■ ASSIGNMENT: The answer should hold every line of the listing, unchanged and free of images.

■ EXERCISE INPUT:
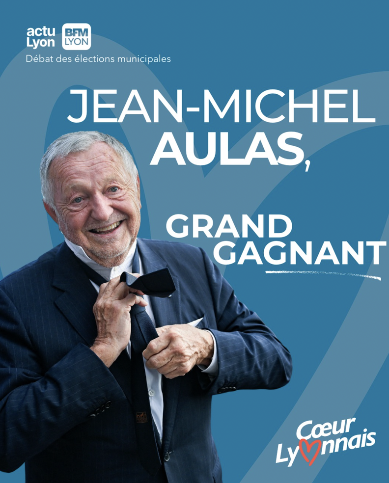 Dès la fin du débat, plusieurs proches du candidat Cœur lyonnais, notamment des comptes liés à « Génération Aulas », ont partagé un visuel semblant émaner de la communication du candidat, affichant un « JMA » tout sourire, cravate au vent, à côté du slogan « Aulas, grand gagnant ».
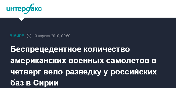 Москва. 13 апреля. INTERFAX.RU - Не менее семи американских военных самолетов, сменяя друг друга, в четверг совершили разведывательные полеты вблизи побережья Сирии, где расположены российская авиабаза Хмеймим и база материально-технического обеспечения ВМФ РФ, следует из мониторинговых данных западных авиационных ресурсов.
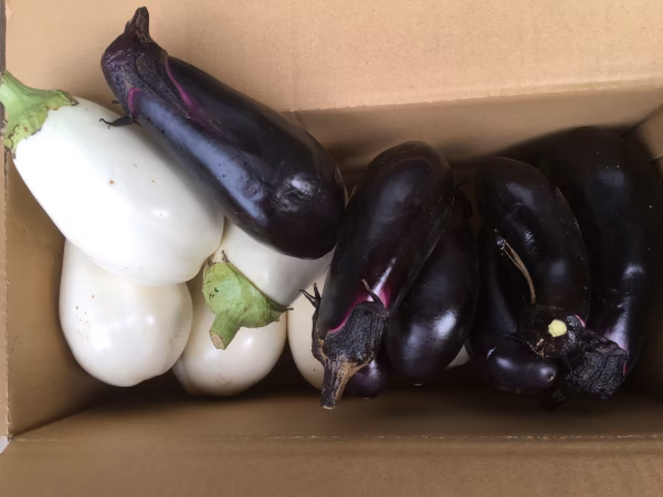 市場にはあまり出回っていない無農薬での野菜です^_^ぜひ一度安全新鮮ナスを食べてみてください!
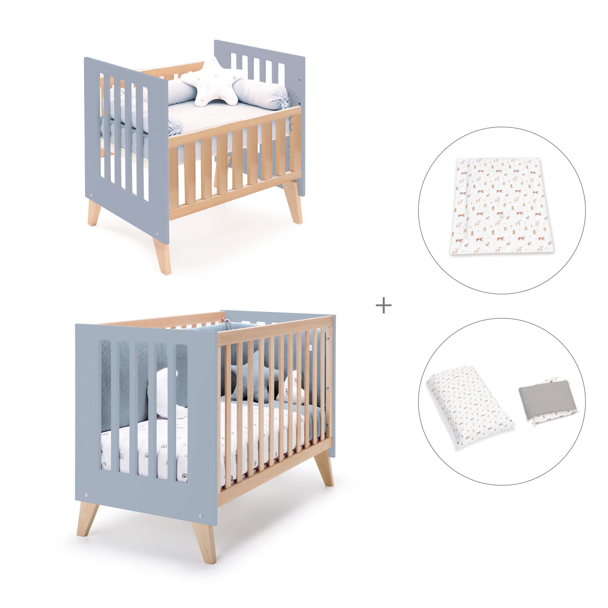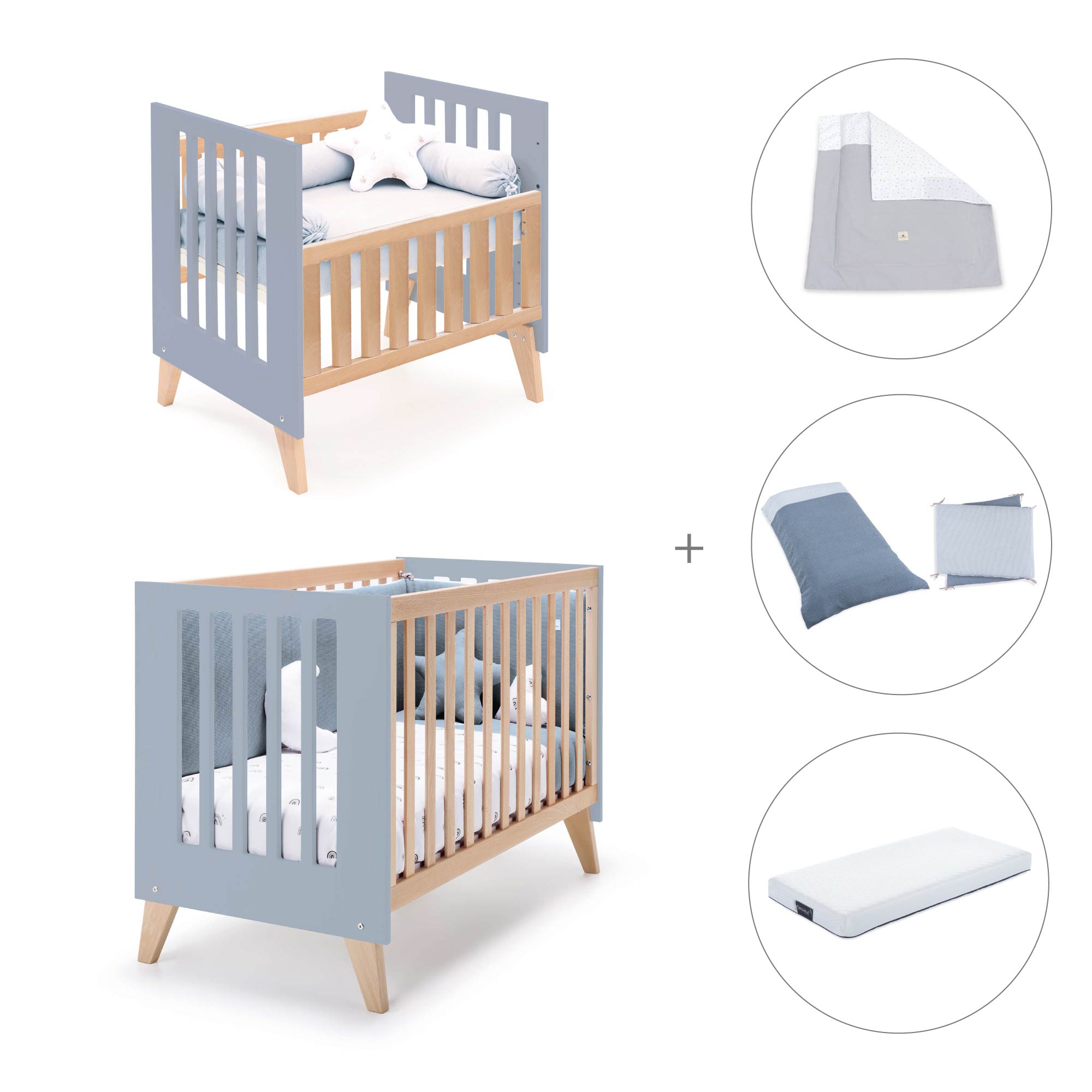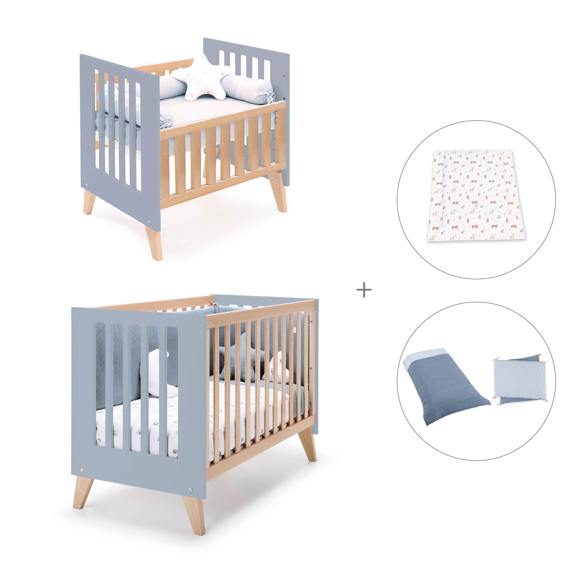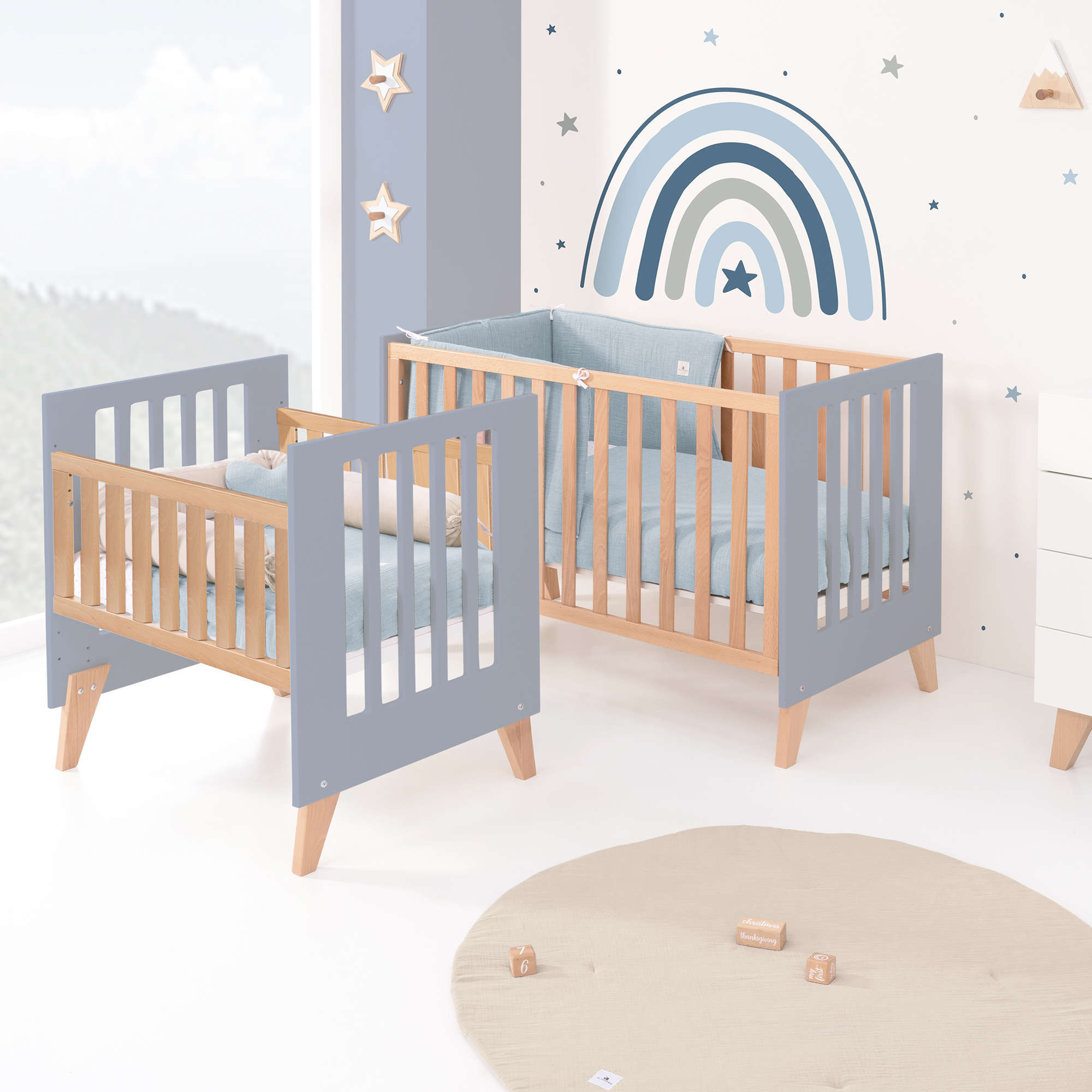 Berceau évolutif en lit bébé (7en1) bois/bleu · Nexor Tre Blu denim
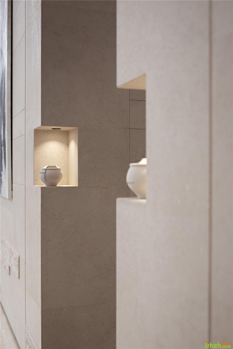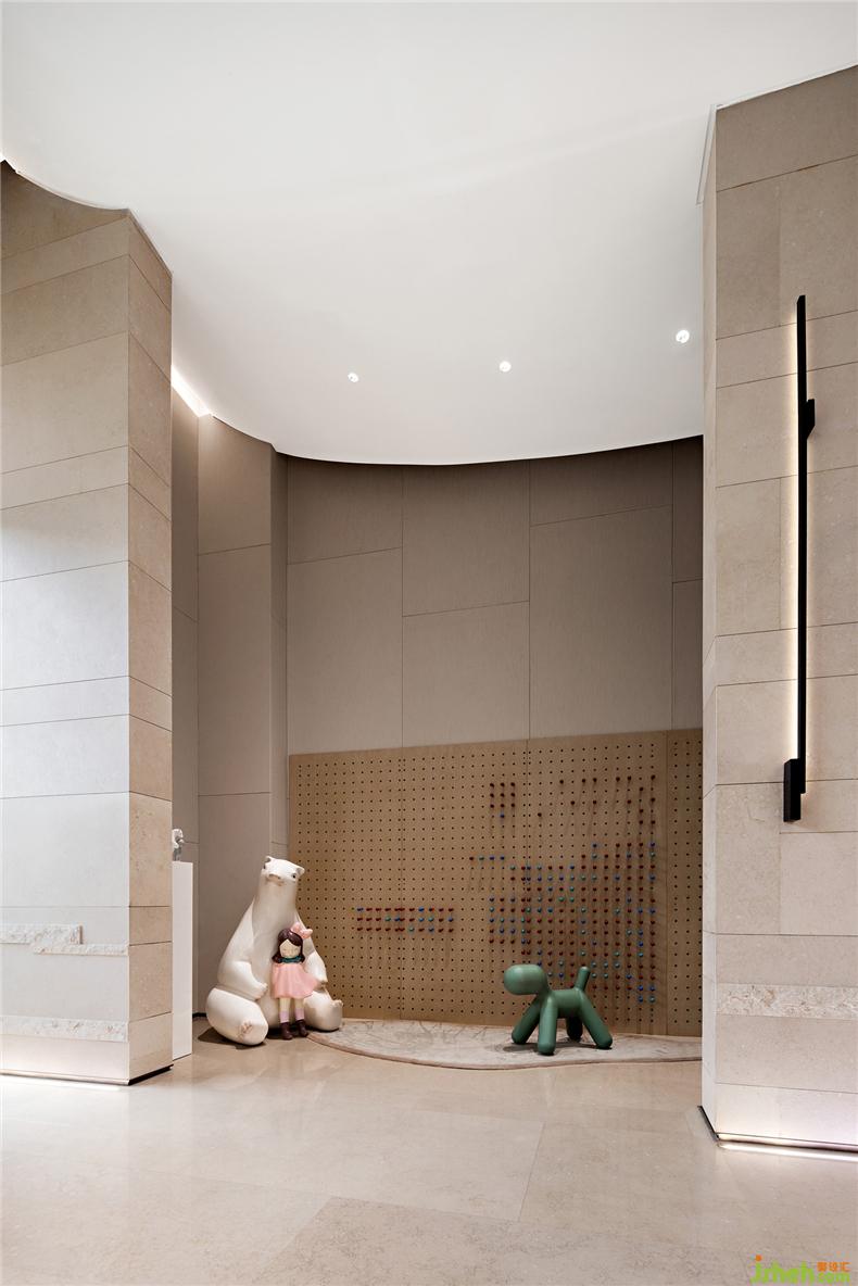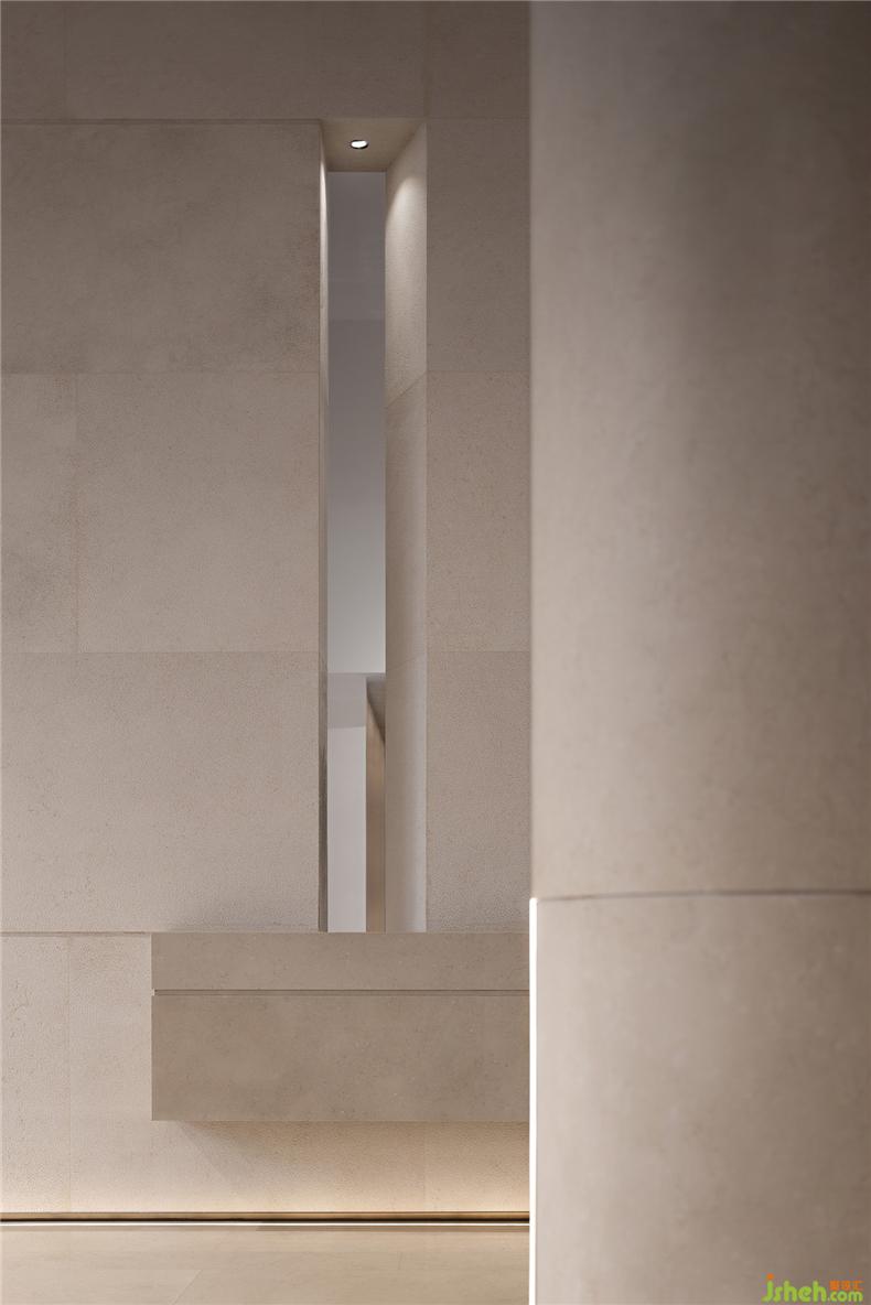 形式的混合通過限制使用材料和顏色來平衡。石材由溫暖的瑞士米黃斧鑿面和瑞士米黃大理石組成,售樓處裝修設計將整個空間中使用的中性色系聯(lián)在一起。該空間中賦予的其他顏色使所陳列物更具光彩
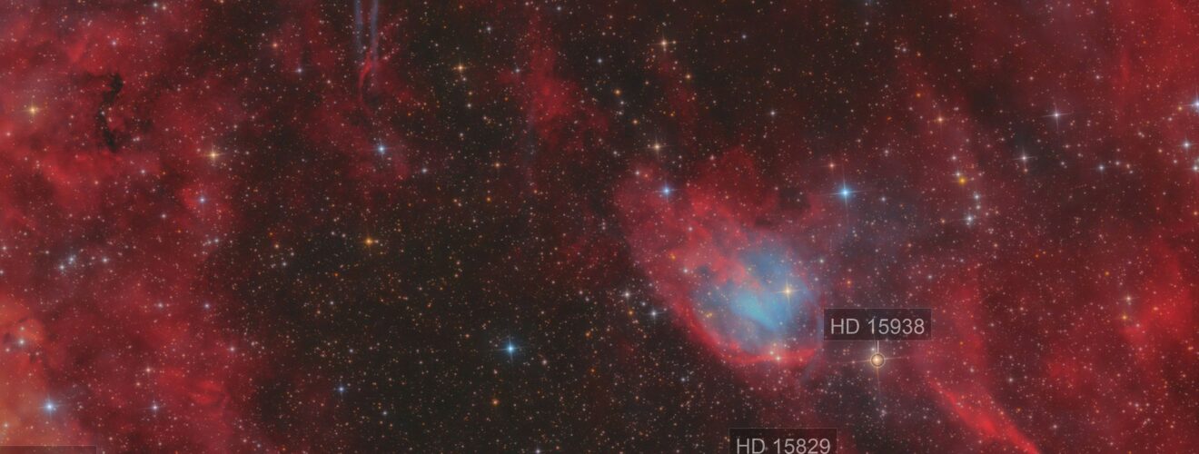 Quand les célèbres découvreurs de nébuleuses planétaires Xavier Strottner (France) et Marcel Drechsler (Germany) m’ont proposé de photographier cet objet situé tout proche de la célèbre nébuleuse du Coeur IC1805, je ne pouvais m’attendre à découvrir une telle beauté, qui avait échappé jusqu’alors aux nombreux clichés de cette région du ciel!

■ SOLUTION FOR THIS EXERCISE:
 Dès la fin du débat, plusieurs proches du candidat Cœur lyonnais, notamment des comptes liés à « Génération Aulas », ont partagé un visuel semblant émaner de la communication du candidat, affichant un « JMA » tout sourire, cravate au vent, à côté du slogan « Aulas, grand gagnant ».
 Москва. 13 апреля. INTERFAX.RU - Не менее семи американских военных самолетов, сменяя друг друга, в четверг совершили разведывательные полеты вблизи побережья Сирии, где расположены российская авиабаза Хмеймим и база материально-технического обеспечения ВМФ РФ, следует из мониторинговых данных западных авиационных ресурсов.
 市場にはあまり出回っていない無農薬での野菜です^_^ぜひ一度安全新鮮ナスを食べてみてください!
 Berceau évolutif en lit bébé (7en1) bois/bleu · Nexor Tre Blu denim
 形式的混合通過限制使用材料和顏色來平衡。石材由溫暖的瑞士米黃斧鑿面和瑞士米黃大理石組成,售樓處裝修設計將整個空間中使用的中性色系聯(lián)在一起。該空間中賦予的其他顏色使所陳列物更具光彩
 Quand les célèbres découvreurs de nébuleuses planétaires Xavier Strottner (France) et Marcel Drechsler (Germany) m’ont proposé de photographier cet objet situé tout proche de la célèbre nébuleuse du Coeur IC1805, je ne pouvais m’attendre à découvrir une telle beauté, qui avait échappé jusqu’alors aux nombreux clichés de cette région du ciel!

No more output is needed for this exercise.